Re: why IPv6 isn't ready for prime time, SMTP edition

2014-03-26 Thread Owen DeLong

On Mar 26, 2014, at 7:07 AM, Lamar Owen lo...@pari.edu wrote:

 On 03/25/2014 10:51 PM, Jimmy Hess wrote:
 
 [snip]
 
 I would suggest the formation of an IPv6 SMTP Server operator's club,
 with a system for enrolling certain IP address source ranges as  Active
 mail servers, active IP addresses and SMTP domain names under the
 authority of a member.
 
 ...
 
 As has been mentioned, this is old hat.
 
 There is only one surefire way of doing away with spam for good, IMO.  No one 
 is currently willing to do it, though.
 
 That way?  Make e-mail cost; have e-postage.  No, I don't want it either.  
 But where is the pain point for spam where this becomes less painful?  If an 
 enduser gets a bill for sending several thousand e-mails because they got 
 owned by a botnet they're going to do something about it; get enough endusers 
 with this problem and you'll get a class-action suit against OS vendors that 
 allow the problem to remain a problem; you can get rid of the bots.  This 
 will trim out a large part of spam, and those hosts that insist on sending 
 unsolicited bulk e-mail will get billed for it.  That would also eliminate a 
 lot of traffic on e-mail lists, too, if the subscribers had to pay the costs 
 for each message sent to a list; I wonder what the cost would be for each 
 post to a list the size of this one.  If spam ceases to be profitable, it 
 will stop.
 
 Of course, I reserve the right to be wrong, and this might all just be a pipe 
 dream.  (and yes, I've thought about what sort of billing infrastructure 
 nightmare this could be.)

Actually, a variant on that that might be acceptable… Make e-postage a 
deposit-based thing. If the recipient has previously white-listed you or marks 
your particular message as “desired”, then you get your postage back. If not, 
then your postage is put into the recipients e-postage account to offset the 
cost of their emails.

Thoughts?

Owen




Re: why IPv6 isn't ready for prime time, SMTP edition

2014-03-25 Thread John Levine
If you want to do address-based reputations for v6 similar to v4, my guess is 
that it will start to aggregate to at least the /64 boundary ...

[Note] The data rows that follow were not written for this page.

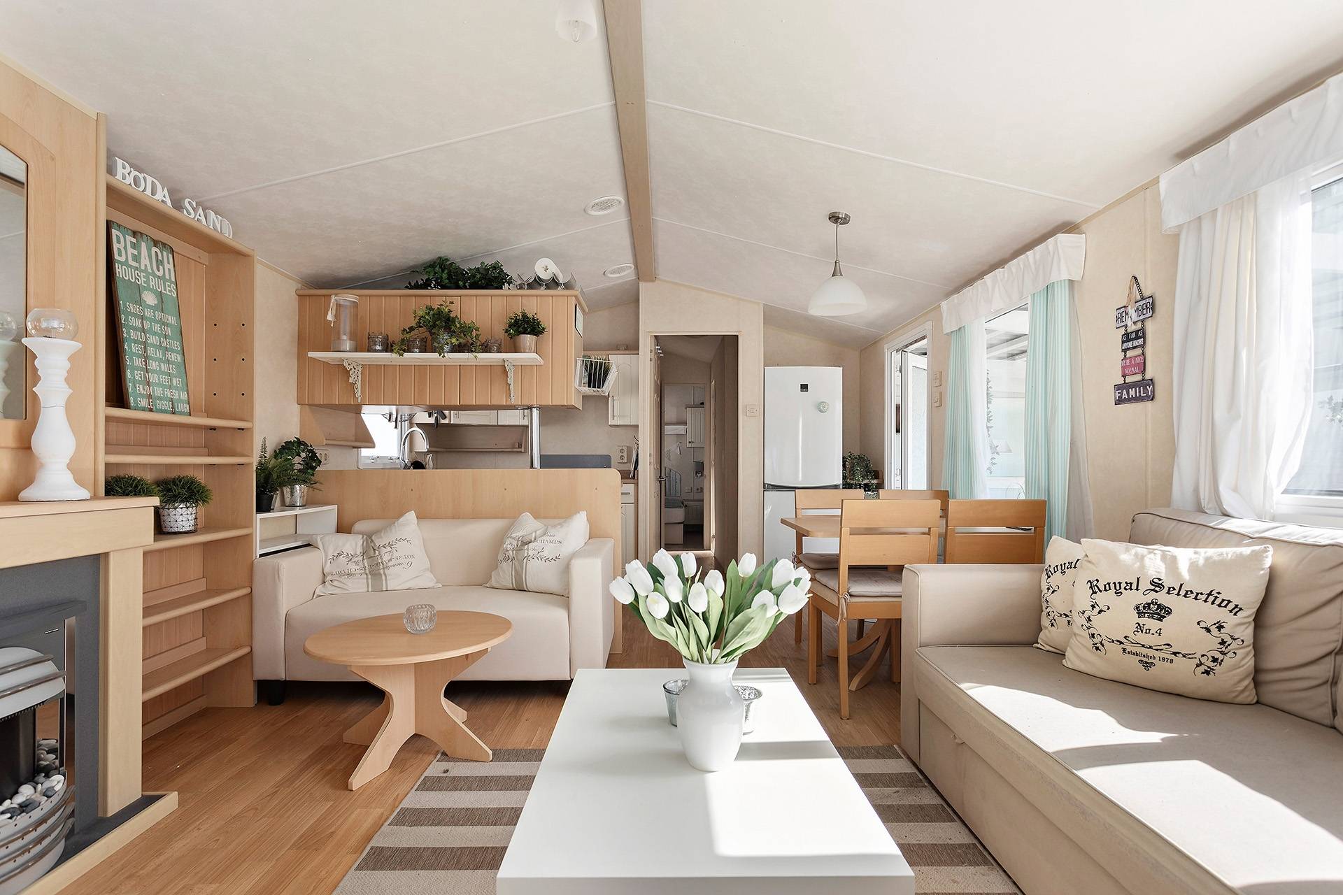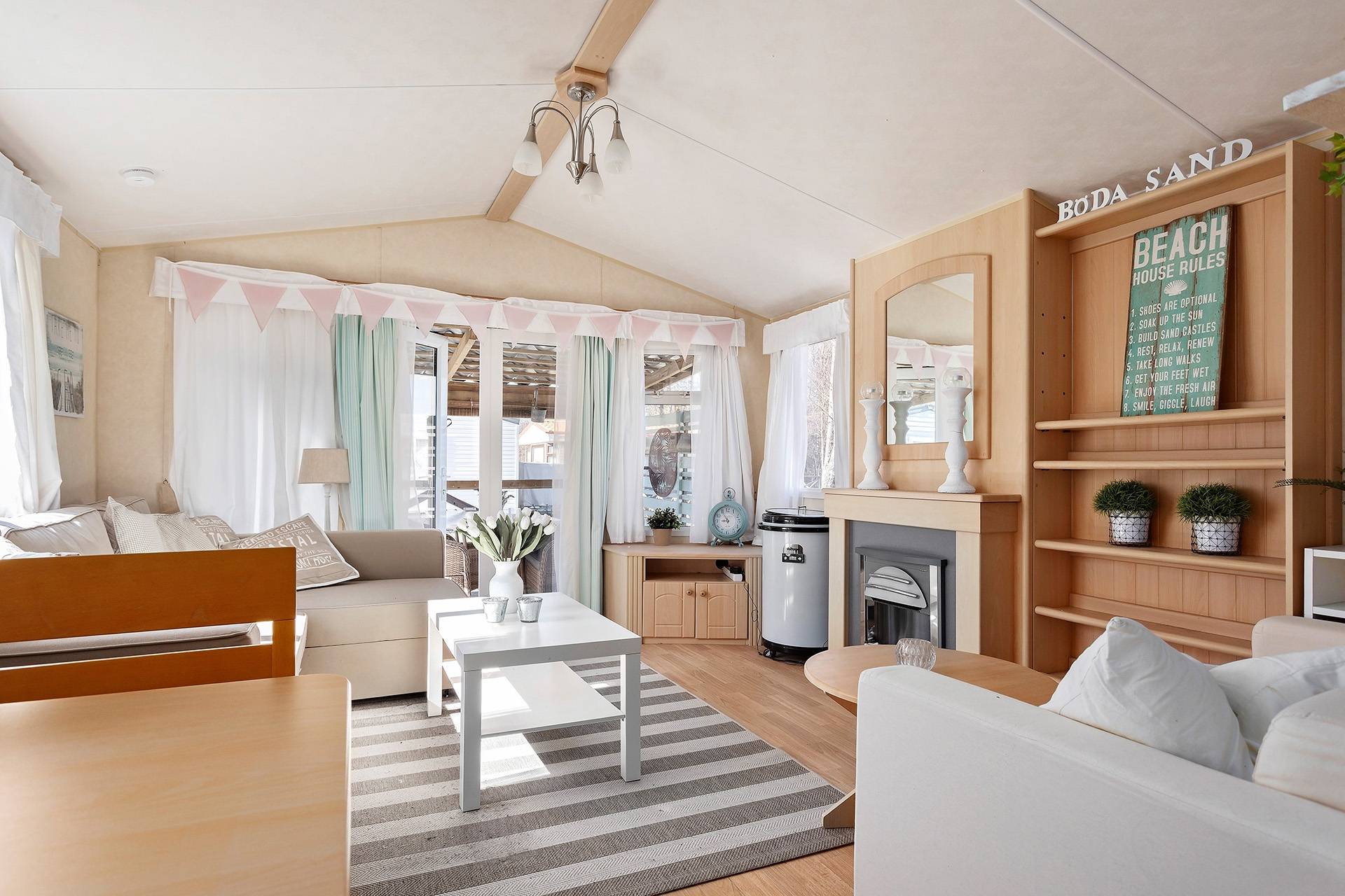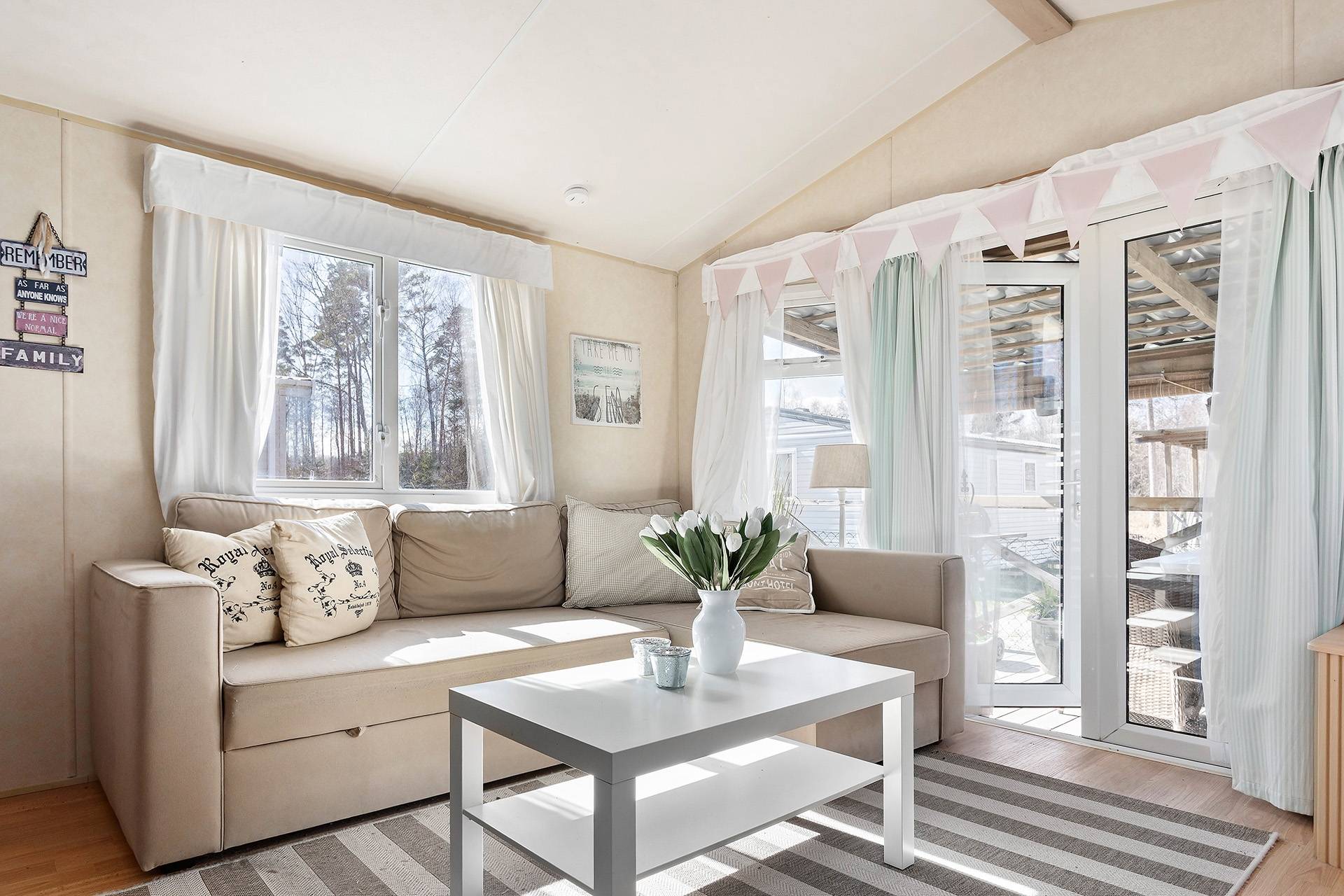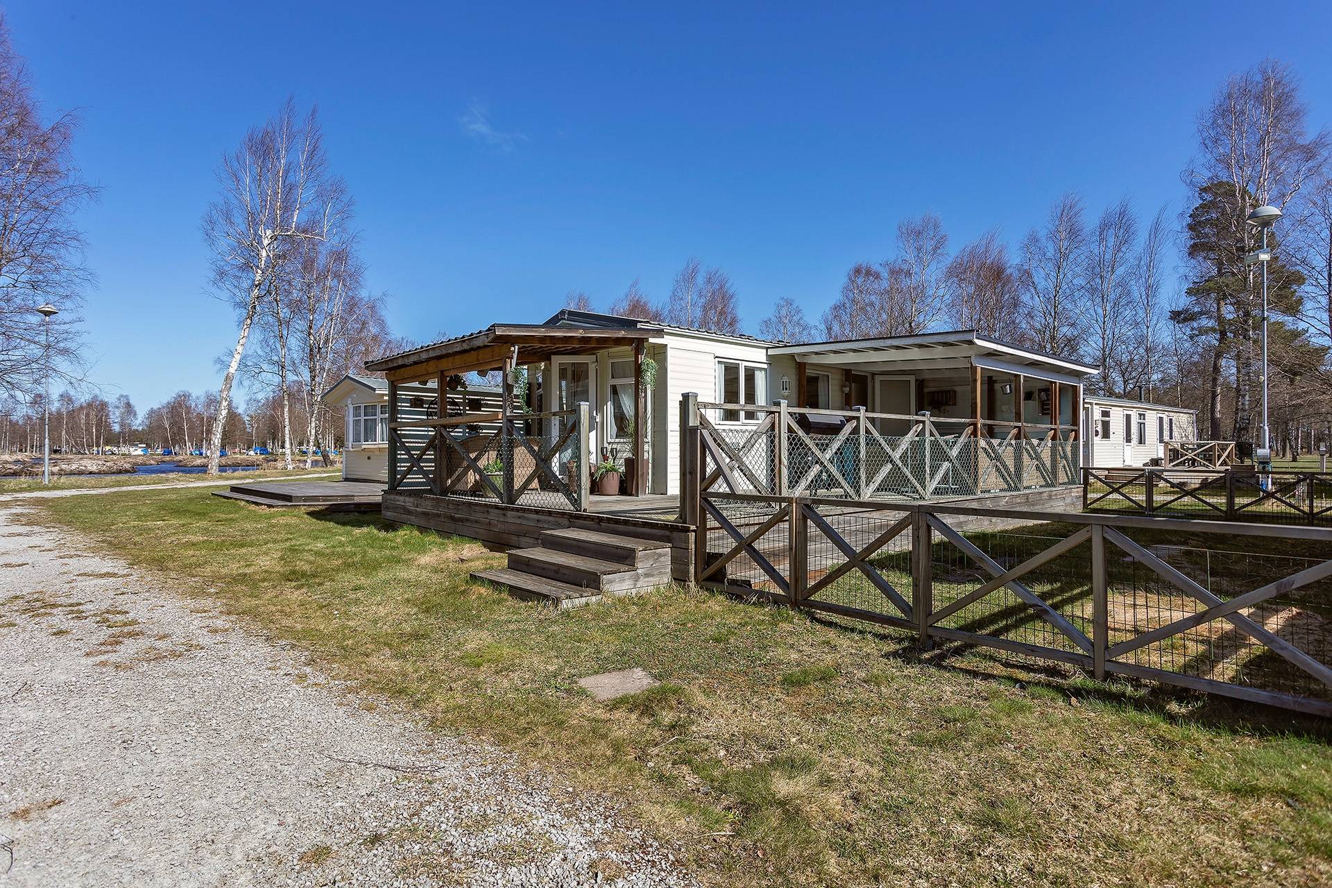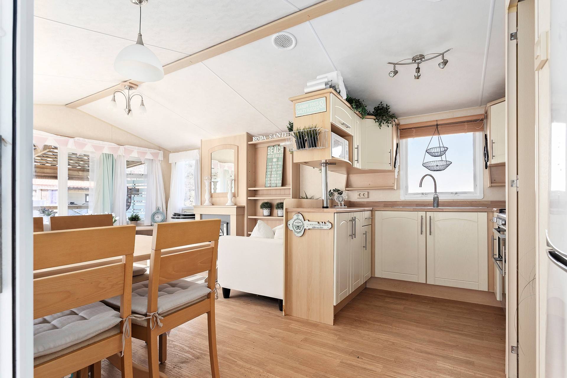Välkommen till denna charmiga villavagn med ett rofyllt läge på populära Böda Sand Camping – en plats där lugnet möter havets närhet. Här bor du i ett stillsamt område med kort promenadavstånd till Bödas vidsträckta och finkorniga sandstrand, perfekt för lata dagar i solen och kvällspromenader längs vattnet. Villavagnen om generösa 10,8 x 3,7 meter erbjuder ett trivsamt och välplanerat boende. Här möts du av ett ljust och rymligt vardagsrum med en stämningshöjande värmefläkt förklädd som en braskamin som skapar en ombonad känsla under svalare kvällar. Köket är funktionellt och inbjuder till matlagning i goda vänners lag, medan de två sovrummen erbjuder bekvämt boende – varav ett med dubbelsäng. Badrummet är utrustat med dusch för extra komfort. Utomhusmiljön är något alldeles extra. Det tilltagna altandäcket som löper runt halva vagnen blir en naturlig samlingsplats för både avkoppling och sociala stunder. Här finns gott om plats för ett större soffmöblemang samt en rymlig matplats, perfekt för långa, ljumma middagar. De två takade delarna ger möjlighet att njuta av utelivet oavsett väder – från morgonkaffet i stillhet till kvällar fyllda av skratt och gemenskap. Villavagnen erbjuder dessutom god ventilation och möjlighet att installera luft-/luftvärmepump, vilket ger förutsättningar för ett behagligt inomhusklimat året om. Ett stort plus med villavagnen är att den erbjuder hela 6 sovplatser, och dessutom har campingen tillgång till wifi vilket gör vistelsen extra bekväm. Till villavagnen hör även en tillhörande markyta på högra sidan, vilket skapar extra utrymme för både avkoppling och egna möjligheter. Detta är ett boende för dig som söker något mer än bara en plats att vara på – här får du en sommaroas där varje dag bjuder in till lugn, närhet till naturen och livets enkla njutningar. Varmt välkommen att kontakta ansvarig mäklare för mer information!16 images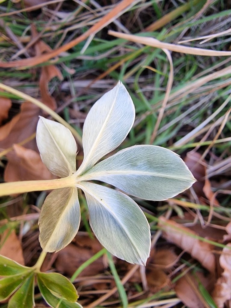 Основная масса листьев собрана у основания. Листья пальчатые, чаще из пяти листочков, на длинных черешках, снизу заметно шелковисто-опушённые, с лёгким серебристым оттенком.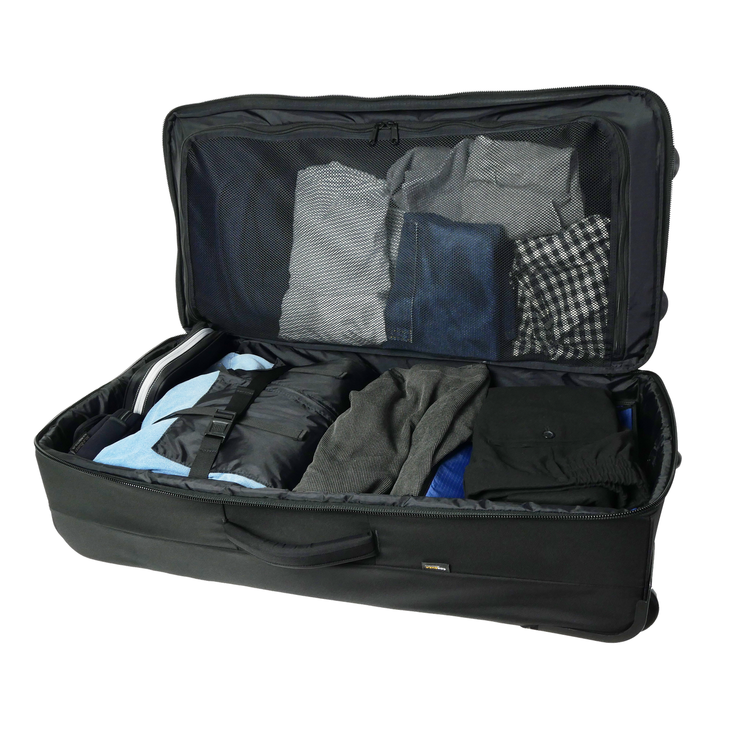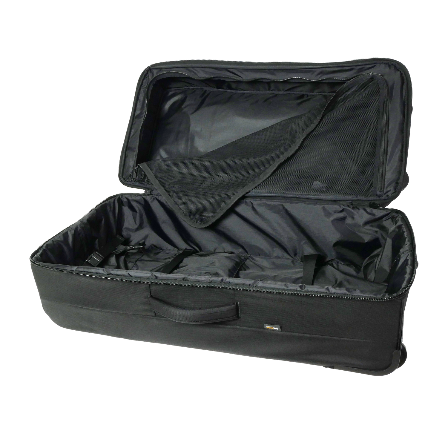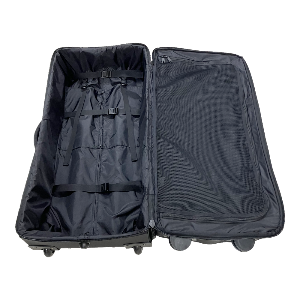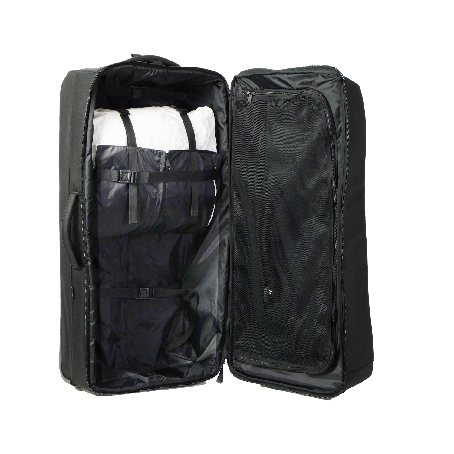 • 大容量設計: 約80リットルの収納力を備え、縦長サイズで新幹線や飛行機内の通路でもスムーズに移動可能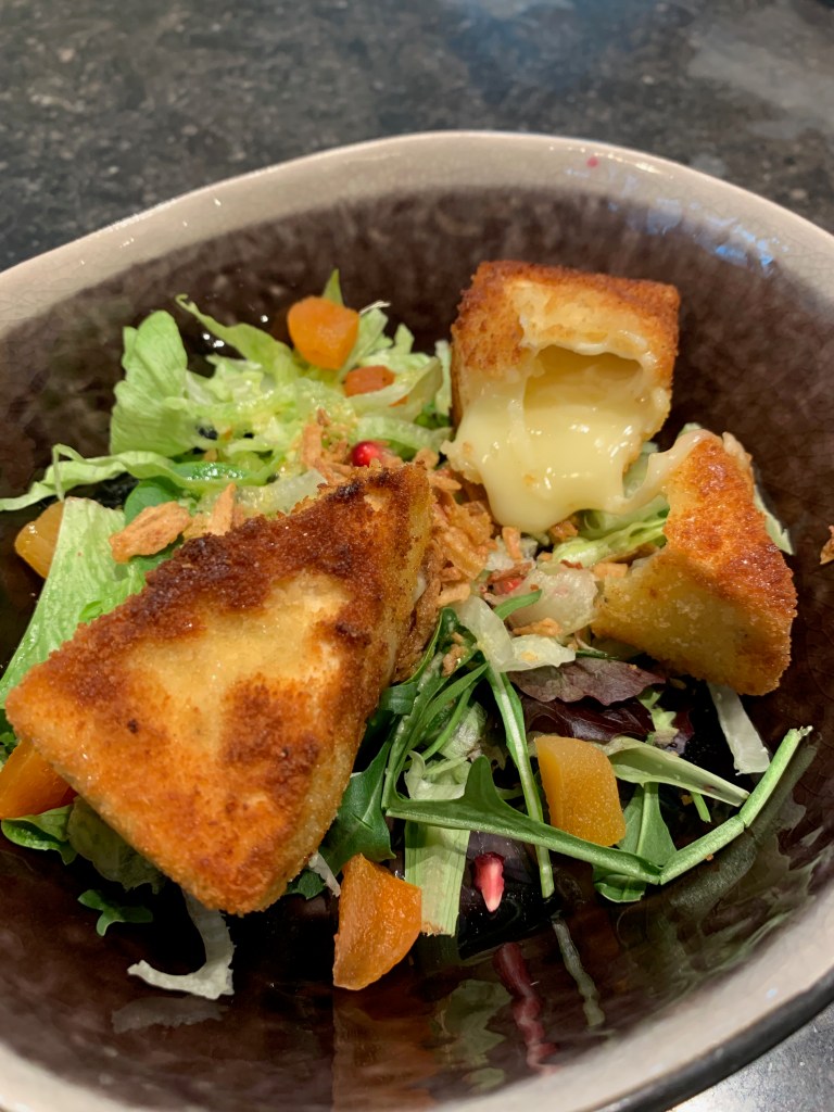 Deze gebakken brie punten zijn heerlijk zowel als lunch of als voorgerecht. Samen met een lekkere salade en mosterd dressing serveer je een mooi gerecht op tafel.
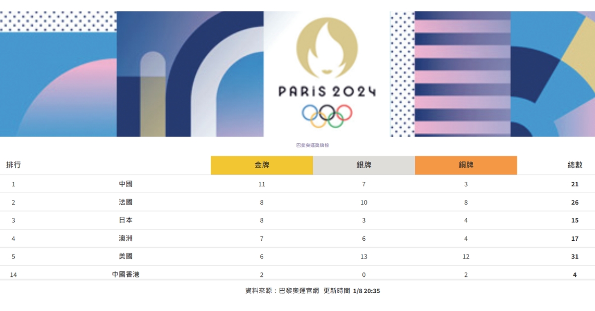 【20:35】國家隊在巴黎奧運摘下第11面金牌,暫居榜首。楊家玉在女子20公里競走摘金,為中國田徑隊本屆奧運首金。劉宇坤在男子50米步槍三姿奪冠,為中國射擊隊本屆第4金。19歲超新星潘展樂在男子100米自由泳決賽,以46.40秒刷新自己保持的世界紀錄,為中國泳隊取得今屆第一面金牌[報道]。港隊「女飛魚」何詩蓓則在女子100米自由泳決賽中,面對瑞典隊名將施約唐及澳洲隊星將奧卡拉簡等勁敵,終以52.33秒奪得銅牌[報道],港隊本屆累計獲得2金2銅。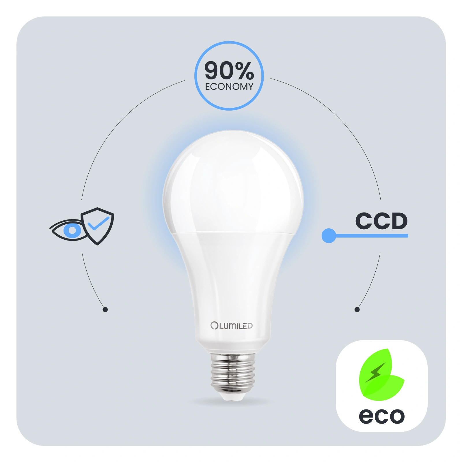 Der in der LED-Glühbirne verwendete CCD-Inverter macht die Glühbirne widerstandsfähig gegen Einbrüche und Spitzen in der Netzspannung. Das Licht flackert und zittert nicht. Der CCD-Konverter sorgt dafür, dass die Glühbirne über einen langen Zeitraum hinweg einwandfrei funktioniert. Bei der Entwicklung der LUMILED-Glühbirnen wurde an den Benutzer gedacht. Eine schlechte Beleuchtungsqualität kann zur Ermüdung der Augen führen. Deshalb verfügen unsere Lampen über die technische Entwicklung Eye Safe, um in jedem Raum eine angenehme und augenfreundliche Beleuchtung zu gewährleisten.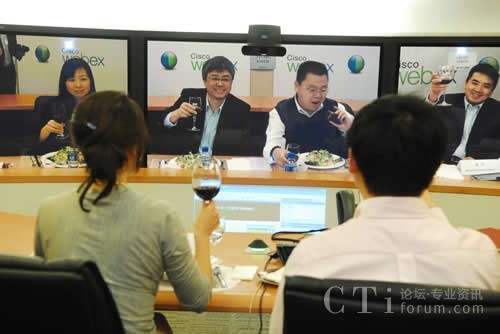 CTI論壇(ctiforum)5月6日消息(記者 楊佳林):中國,北京,2010年4月28日:無需像德國國防部長古滕貝格那樣駕車行駛3000多公里長途奔襲,跨越太平洋也一樣享受零距離的午餐。思科中國首席技術官梁永健、思科中國區(qū)副總裁華東區(qū)總經理陳葵、思科WebEx研發(fā)及協(xié)作軟件全球副總裁袁征今天通過思科的網絡會議技術和中國知名博主在北京、上海和舊金山三地共進午餐。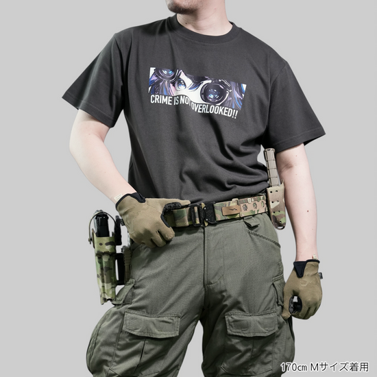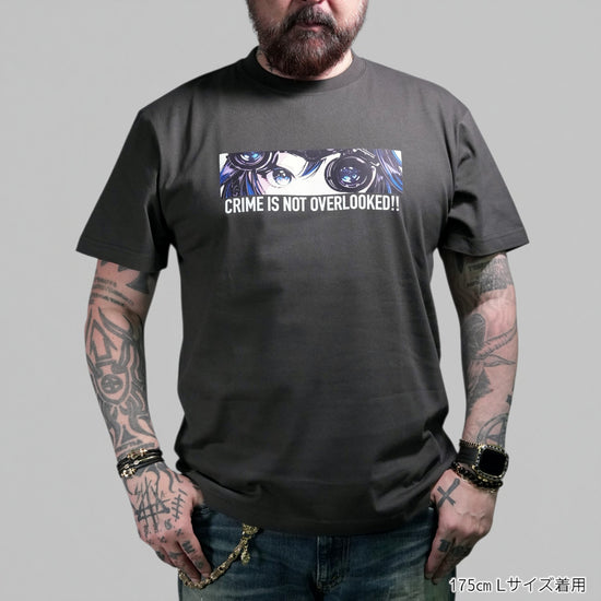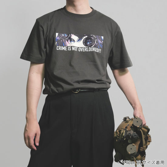 デザインは、ナイトビジョン(NVG)越しにこちらを見つめる少女の視線と、メッセージ「CRIME IS NOT OVERLOOKED!!」を大胆に配置。
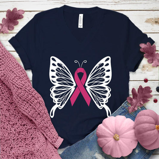 Cancer Ribbon Butterfly Colored Edition V-Neck

It says a lot about the state of the art that people are still making
uninformed guesses like this, non ironically.

On the one hand /64 is too coarse, because there are hosting providers
that put multiple customers in a single /64.  If you filter at that
granularity, you'll get a lot of false positives and collateral
damage.  (When asked why they did something that dumb, they've tended
to blame equipment vendors.)

On the other hand, /64 is much too fine.  Roadrunner assigns my cable
connection a /50*, so even if you're aggregating at /64, there are now
16K different incarnations of me to block, instead of the one in IPv4.
Businesses typically get a /48 so they have 64K incarnations.  It
would be nice if there were an efficient and reliable way to ask
networks what their customer suballocation size is, but there isn't,
so you have to hope rwhois will work and be fast enough, or guess,
often guessing wrong.  There also isn't any agreed way to publish
DNSBLs with variable size ranges other than rsync'ing the whole file.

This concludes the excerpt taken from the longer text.